§ ACTIVITY
In the data below, find every line with the string "station" and pull it out.

§ RAW DATA

● ● ● ● ●

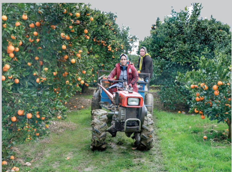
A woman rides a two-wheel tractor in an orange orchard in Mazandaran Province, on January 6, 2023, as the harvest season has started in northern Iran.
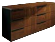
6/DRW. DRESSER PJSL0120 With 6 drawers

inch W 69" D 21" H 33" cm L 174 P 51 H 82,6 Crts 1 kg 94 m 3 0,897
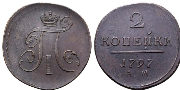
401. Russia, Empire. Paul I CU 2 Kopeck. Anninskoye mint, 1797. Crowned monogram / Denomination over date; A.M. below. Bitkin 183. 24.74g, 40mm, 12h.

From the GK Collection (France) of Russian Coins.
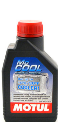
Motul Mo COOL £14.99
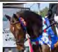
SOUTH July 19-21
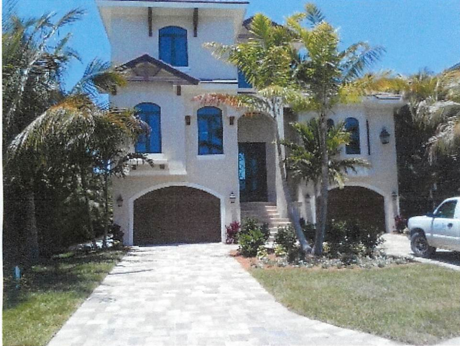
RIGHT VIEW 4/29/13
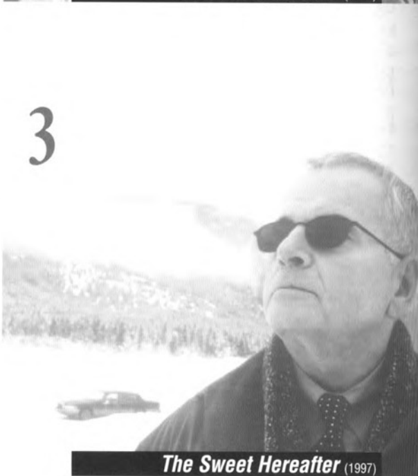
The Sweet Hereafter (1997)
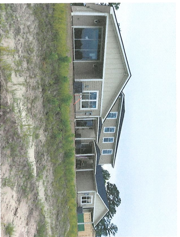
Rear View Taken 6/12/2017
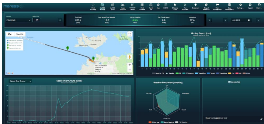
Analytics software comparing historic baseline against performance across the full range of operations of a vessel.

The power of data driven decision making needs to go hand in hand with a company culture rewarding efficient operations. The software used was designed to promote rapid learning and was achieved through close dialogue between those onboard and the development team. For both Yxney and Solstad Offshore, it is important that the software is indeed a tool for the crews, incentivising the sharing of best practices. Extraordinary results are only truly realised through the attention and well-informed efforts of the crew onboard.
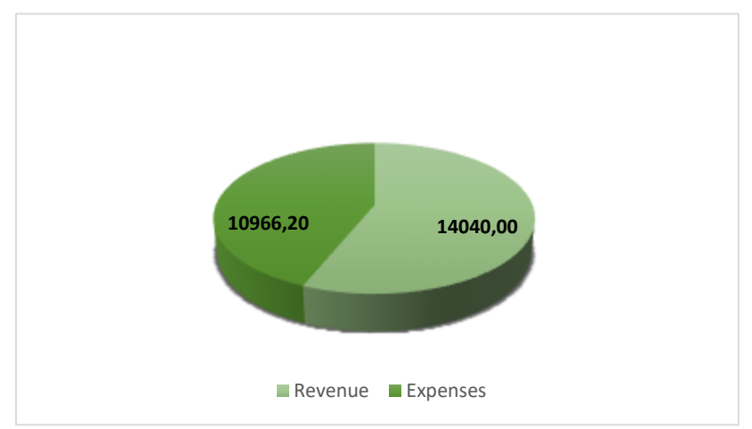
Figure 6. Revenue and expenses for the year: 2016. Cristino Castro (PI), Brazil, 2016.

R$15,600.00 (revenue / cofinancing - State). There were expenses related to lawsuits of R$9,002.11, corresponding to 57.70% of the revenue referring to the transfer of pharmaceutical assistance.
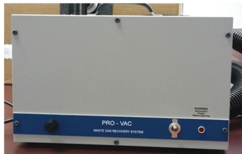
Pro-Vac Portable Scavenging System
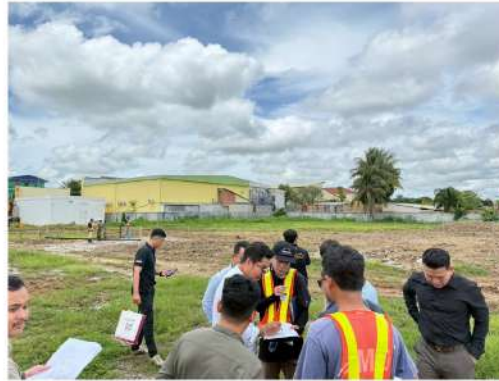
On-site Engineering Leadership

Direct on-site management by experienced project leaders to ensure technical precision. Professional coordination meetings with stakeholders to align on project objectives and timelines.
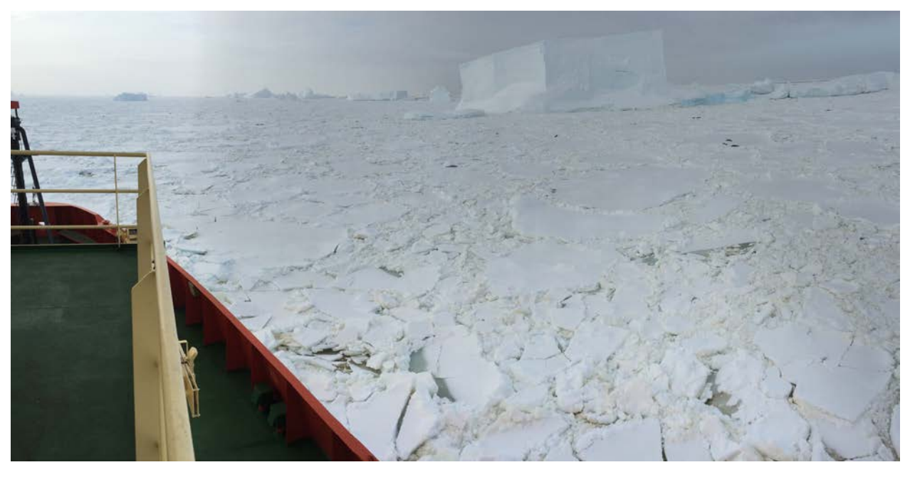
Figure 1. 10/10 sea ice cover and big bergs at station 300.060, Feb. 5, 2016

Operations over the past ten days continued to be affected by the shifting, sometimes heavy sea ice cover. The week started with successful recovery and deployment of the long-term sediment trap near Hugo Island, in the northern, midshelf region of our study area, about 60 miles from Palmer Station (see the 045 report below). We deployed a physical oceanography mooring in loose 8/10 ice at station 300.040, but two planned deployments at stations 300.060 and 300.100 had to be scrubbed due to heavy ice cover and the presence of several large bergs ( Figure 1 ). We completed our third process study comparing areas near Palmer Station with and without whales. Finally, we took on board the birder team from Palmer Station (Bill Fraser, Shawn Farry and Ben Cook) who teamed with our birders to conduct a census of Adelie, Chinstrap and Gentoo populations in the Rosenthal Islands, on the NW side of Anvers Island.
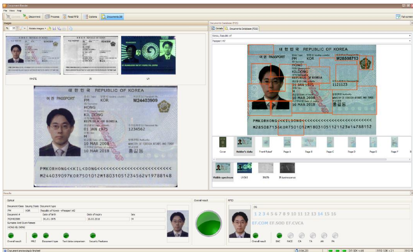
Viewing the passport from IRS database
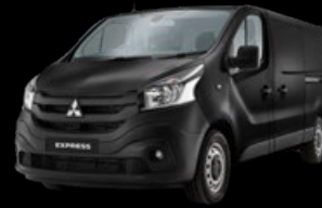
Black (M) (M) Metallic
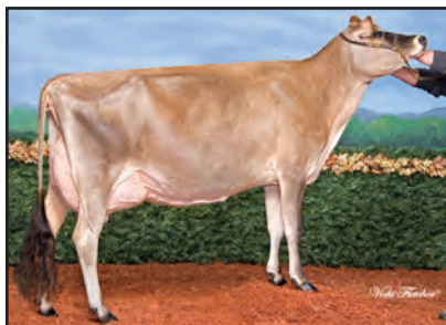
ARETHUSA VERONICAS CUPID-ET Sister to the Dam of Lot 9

● ● ● ● ●

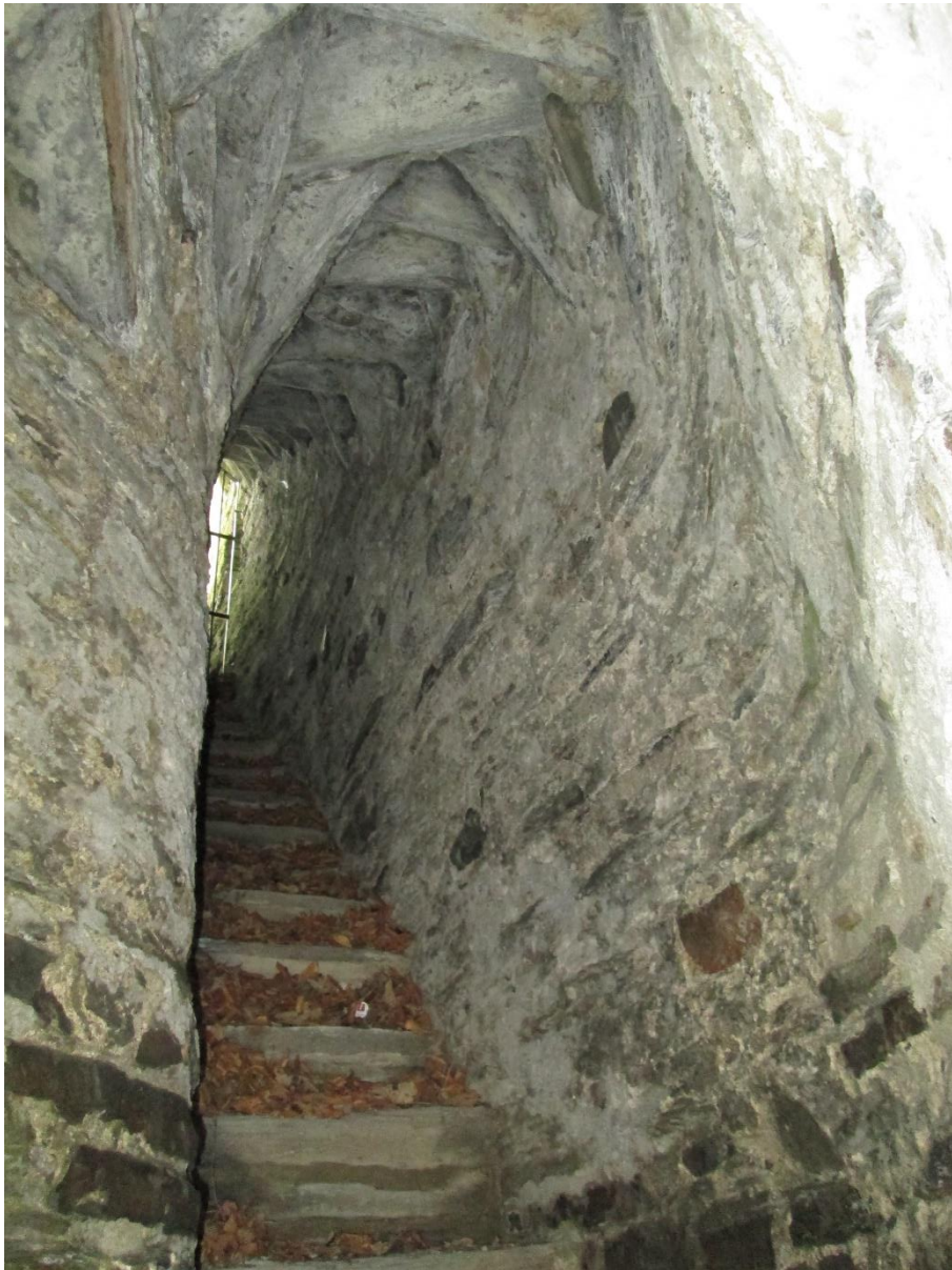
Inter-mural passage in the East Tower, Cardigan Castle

● ● ● ● ●

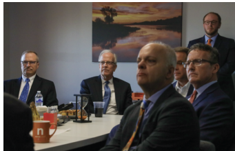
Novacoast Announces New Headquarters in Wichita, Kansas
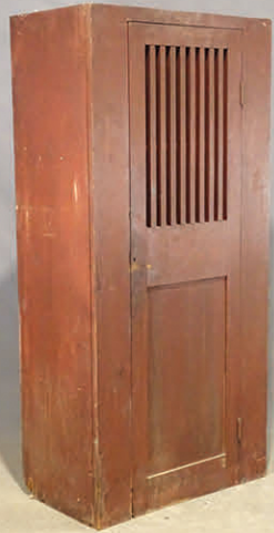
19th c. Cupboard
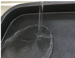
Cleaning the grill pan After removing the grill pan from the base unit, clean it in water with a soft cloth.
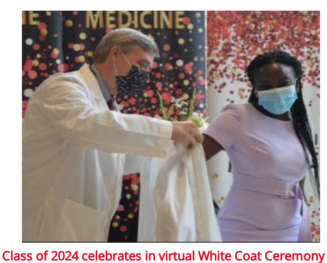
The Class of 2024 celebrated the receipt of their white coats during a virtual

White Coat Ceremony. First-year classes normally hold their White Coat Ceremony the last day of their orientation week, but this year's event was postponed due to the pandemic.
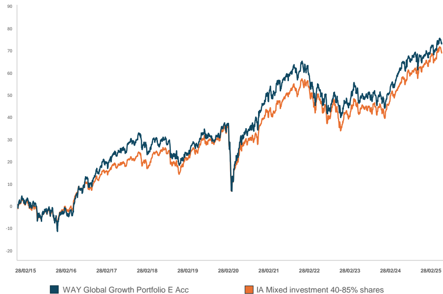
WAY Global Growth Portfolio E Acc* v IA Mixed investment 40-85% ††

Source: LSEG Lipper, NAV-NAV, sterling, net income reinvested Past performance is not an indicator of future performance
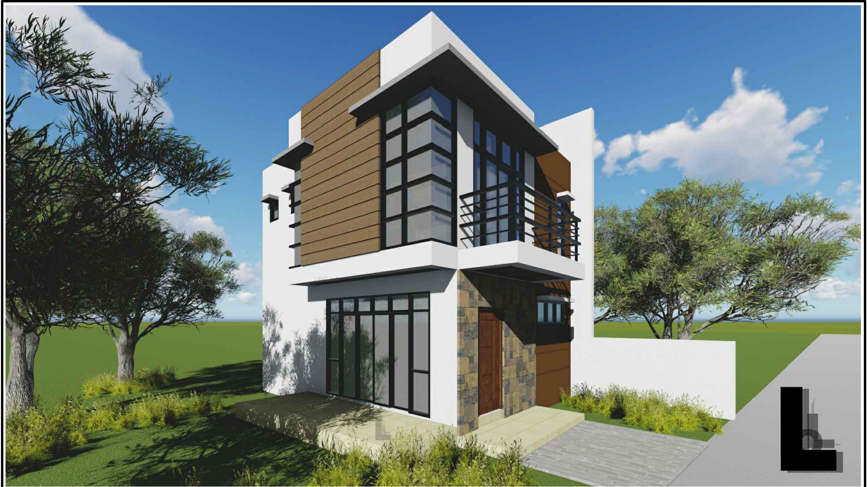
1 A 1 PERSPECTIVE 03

● ● ● ● ●

§ TASK ANSWER
Figure 1. 10/10 sea ice cover and big bergs at station 300.060, Feb. 5, 2016
Operations over the past ten days continued to be affected by the shifting, sometimes heavy sea ice cover. The week started with successful recovery and deployment of the long-term sediment trap near Hugo Island, in the northern, midshelf region of our study area, about 60 miles from Palmer Station (see the 045 report below). We deployed a physical oceanography mooring in loose 8/10 ice at station 300.040, but two planned deployments at stations 300.060 and 300.100 had to be scrubbed due to heavy ice cover and the presence of several large bergs ( Figure 1 ). We completed our third process study comparing areas near Palmer Station with and without whales. Finally, we took on board the birder team from Palmer Station (Bill Fraser, Shawn Farry and Ben Cook) who teamed with our birders to conduct a census of Adelie, Chinstrap and Gentoo populations in the Rosenthal Islands, on the NW side of Anvers Island.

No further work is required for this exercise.